-- Opening Marker --
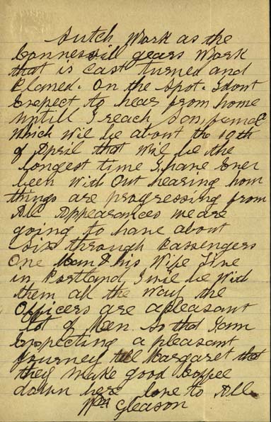 Letter, William Gleason to Gleason family
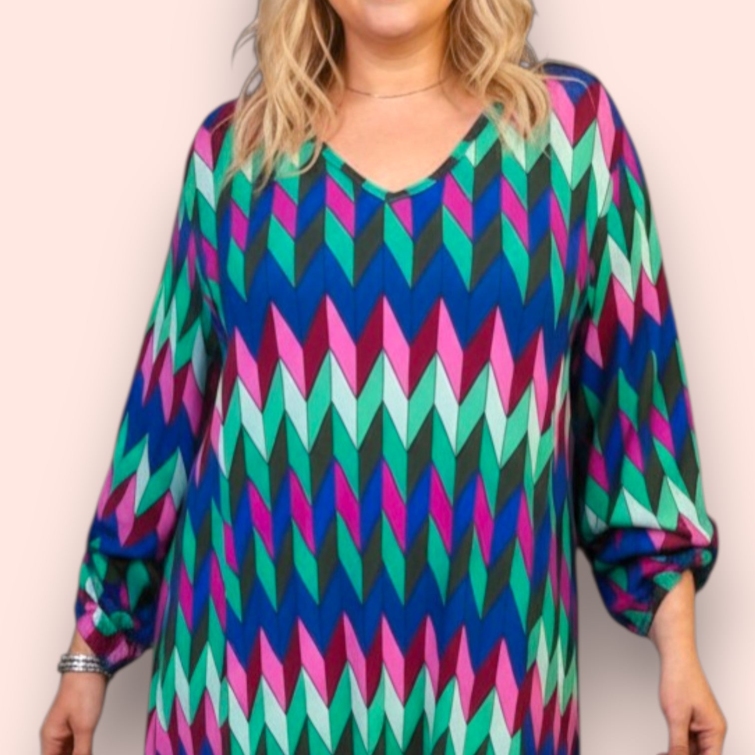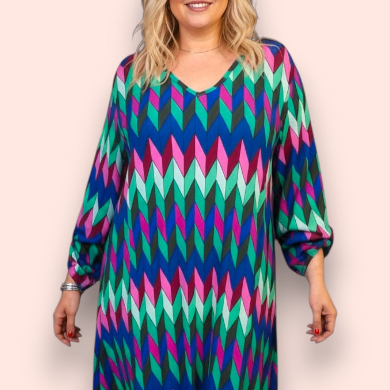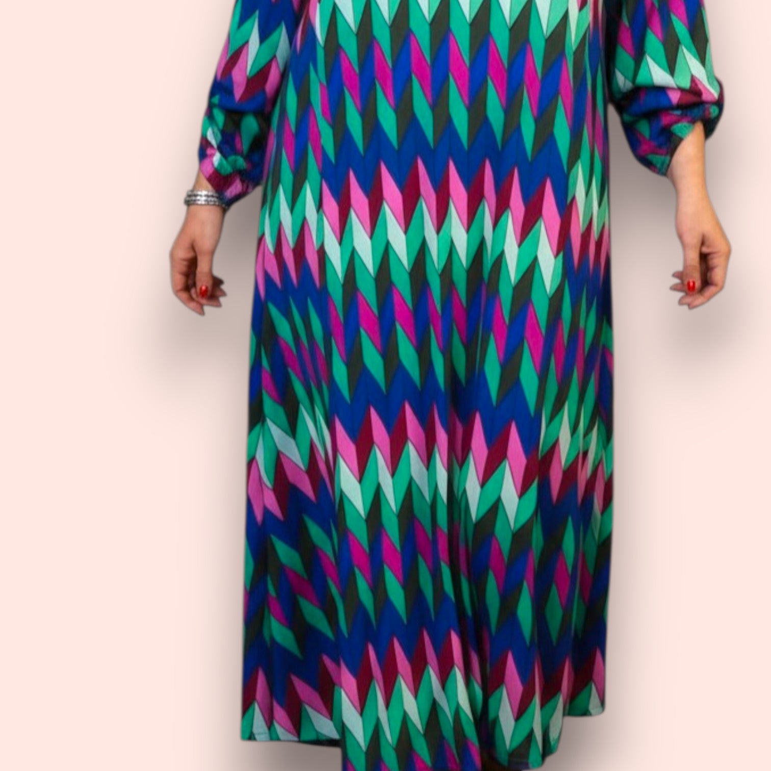 Il modello Ribes è un maxi abito manica lunga accorciabile di tessuto elasticizzato fantasia. Collo a V con taglio a trapezio, grandissima vestibilità, taglia unica, Made in Italy, colore FANATSIA
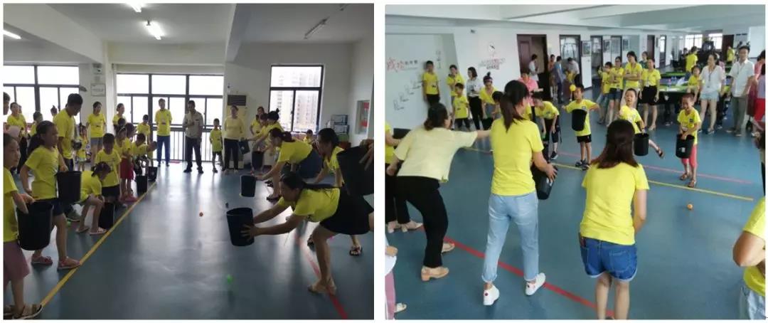 隨后,活動在一場歡快的“兔子舞”中拉開了序幕,本次活動設(shè)置了 “過河拆橋”、“無敵風(fēng)火輪”、“投籃高手”等系列趣味小游戲。在活動中,家長和孩子們密切配合,整個現(xiàn)場處處洋溢著家長和孩子們的歡聲笑語,全員為孩子們加油喝彩,助威鼓勁,活動中最別具一格的游戲是“無敵風(fēng)火輪”,由于擋住了前方視線,孩子要有基本的方向意識,游戲有一定的難度,在旁觀看的爸爸媽媽們即是激動又是緊張,在爸爸媽媽們的幫助和指導(dǎo)下孩子們順利完成游戲任務(wù),最后家長們也積極興奮的PK挑戰(zhàn),體驗孩子們的樂趣、童真。
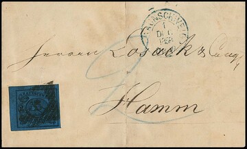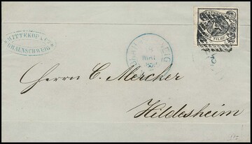 1/3 Sgr. schwarz, repariert, auf vollständiger Drucksache mit Schleife mit NS "9" und K2 "Braunschweig" nach Hildesheim (bekannte "Mercker"-Korrespondenz), Mi. 3200,-
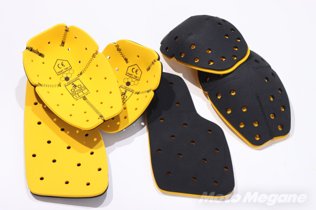 別売りのCE規格パッドと標準パッドを交換することで更に護りを固めることができる。
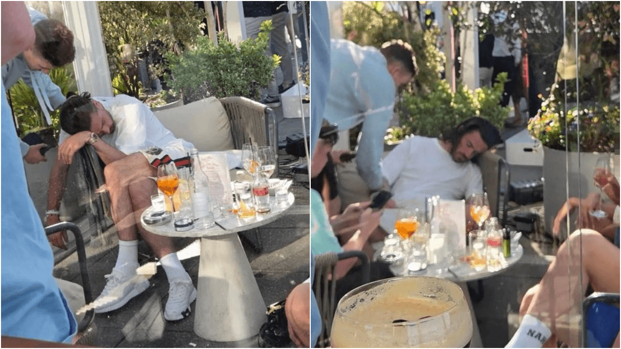 🚨 𝗡𝗘𝗪: Jack Grealish was spotted completely asleep at a table in a rooftop bar in Manchester, surrounded by glasses and bottles of cocktails after an afternoon of drinks with his friends.
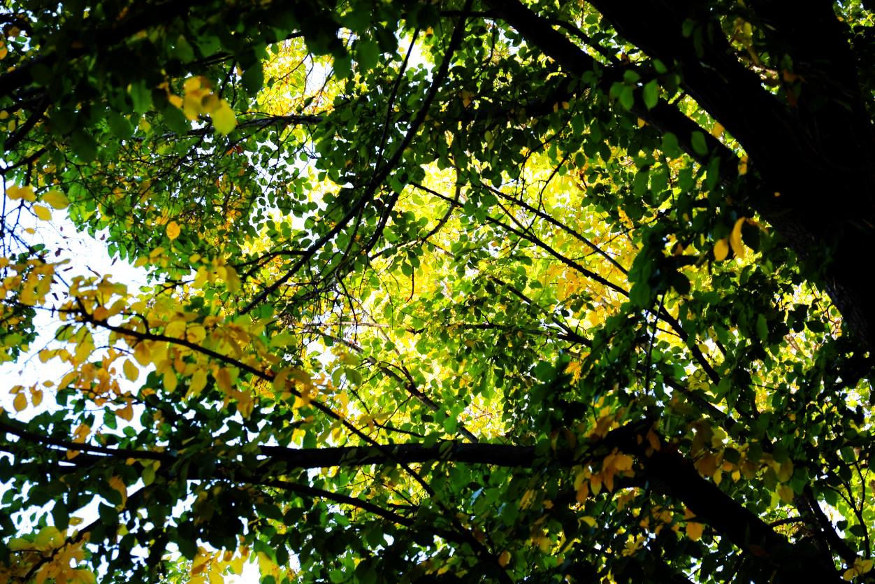 阳光从枝叶的缝隙里漏下来
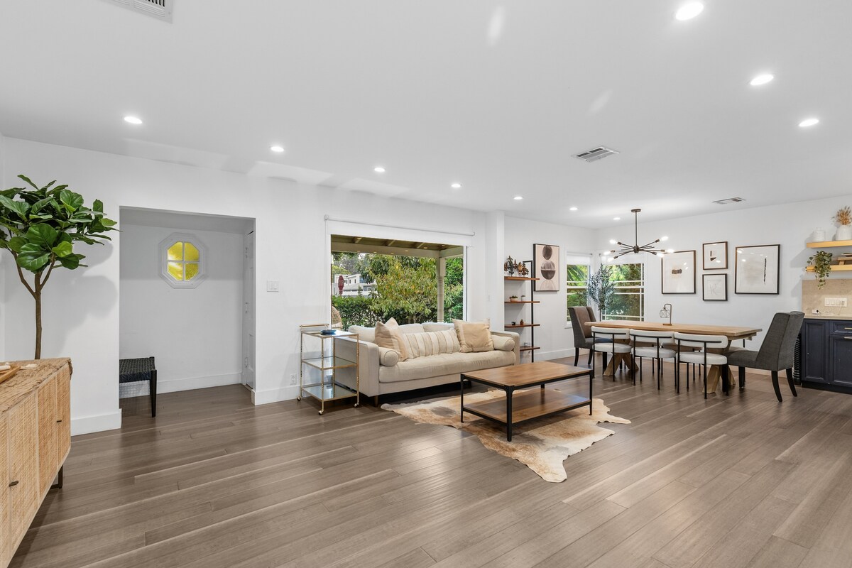 Step back in time in this sleek, recently renovated mid-century modern bungalow. Tastefully decorated with period-specific furniture and antiques as well as rare, original music and film memorabilia, this unique home is like a living museum of 20th century pop culture. Property is two miles to the beach. NOTE: While clean, well-behaved pets are welcome, we must be notified in advance. An additional $75 pet fee will be assessed.
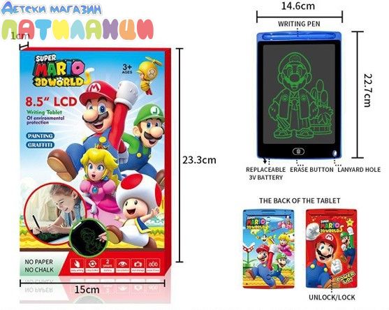 Детски LCD таблет за рисуване 8,5 инча Супер Марио
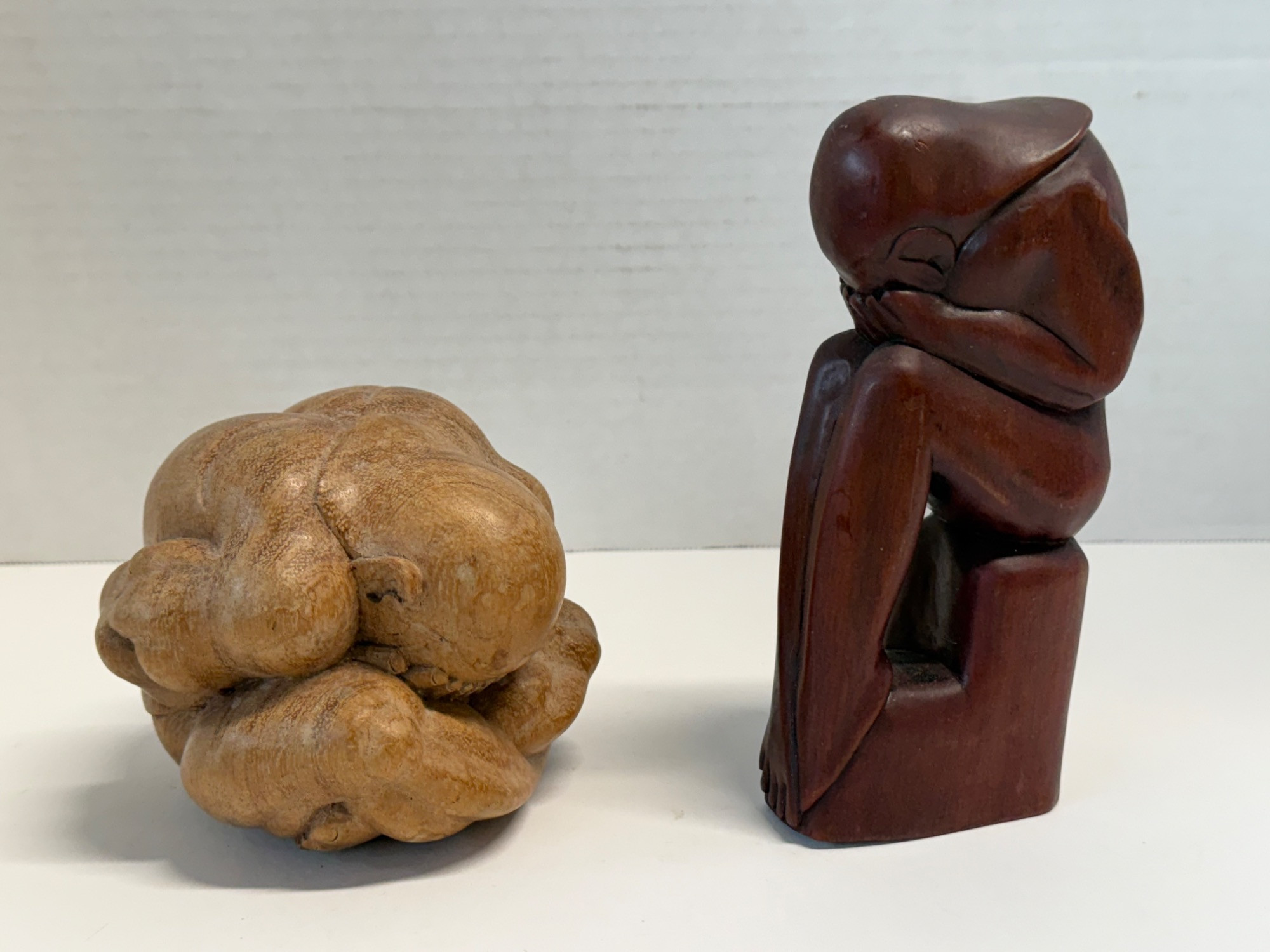 This unique duo of hand-carved wooden sculptures captures the introspective "Thinking Man" pose in two distinct artistic styles. The darker wood figure sits contemplatively on a block, hands cradling the face, crafted with smooth lines and fine detail. The lighter wood sculpture takes a more abstract and compact approach, with multiple curled limbs forming a tight, emotional posture. Height: Tallest figure measures approximately 6.75 inches Material: Solid wood (types not specified) Condition: Excellent pre-owned condition with natural wood variations.
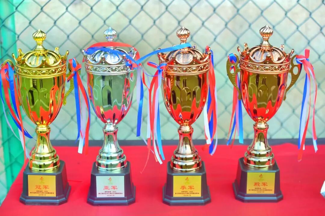 重磅团体冠军奖,由陈海贤、冷建军、岑波、林志华、河北掌灯企业管理有限责任公司董事长白建立给获得冠军的双虾标风湿油足球队颁发奖杯、奖牌和奖品。
-- Closing Marker --
### Task brief
Nothing is needed beyond an exact transcription of the lines from the one containing "別売りのCE規格パッドと標準" to the end of the entries above, with the pictures omitted.

### Result of this task
 別売りのCE規格パッドと標準パッドを交換することで更に護りを固めることができる。
 🚨 𝗡𝗘𝗪: Jack Grealish was spotted completely asleep at a table in a rooftop bar in Manchester, surrounded by glasses and bottles of cocktails after an afternoon of drinks with his friends.
 阳光从枝叶的缝隙里漏下来
 Step back in time in this sleek, recently renovated mid-century modern bungalow. Tastefully decorated with period-specific furniture and antiques as well as rare, original music and film memorabilia, this unique home is like a living museum of 20th century pop culture. Property is two miles to the beach. NOTE: While clean, well-behaved pets are welcome, we must be notified in advance. An additional $75 pet fee will be assessed.
 Детски LCD таблет за рисуване 8,5 инча Супер Марио
 This unique duo of hand-carved wooden sculptures captures the introspective "Thinking Man" pose in two distinct artistic styles. The darker wood figure sits contemplatively on a block, hands cradling the face, crafted with smooth lines and fine detail. The lighter wood sculpture takes a more abstract and compact approach, with multiple curled limbs forming a tight, emotional posture. Height: Tallest figure measures approximately 6.75 inches Material: Solid wood (types not specified) Condition: Excellent pre-owned condition with natural wood variations.
 重磅团体冠军奖,由陈海贤、冷建军、岑波、林志华、河北掌灯企业管理有限责任公司董事长白建立给获得冠军的双虾标风湿油足球队颁发奖杯、奖牌和奖品。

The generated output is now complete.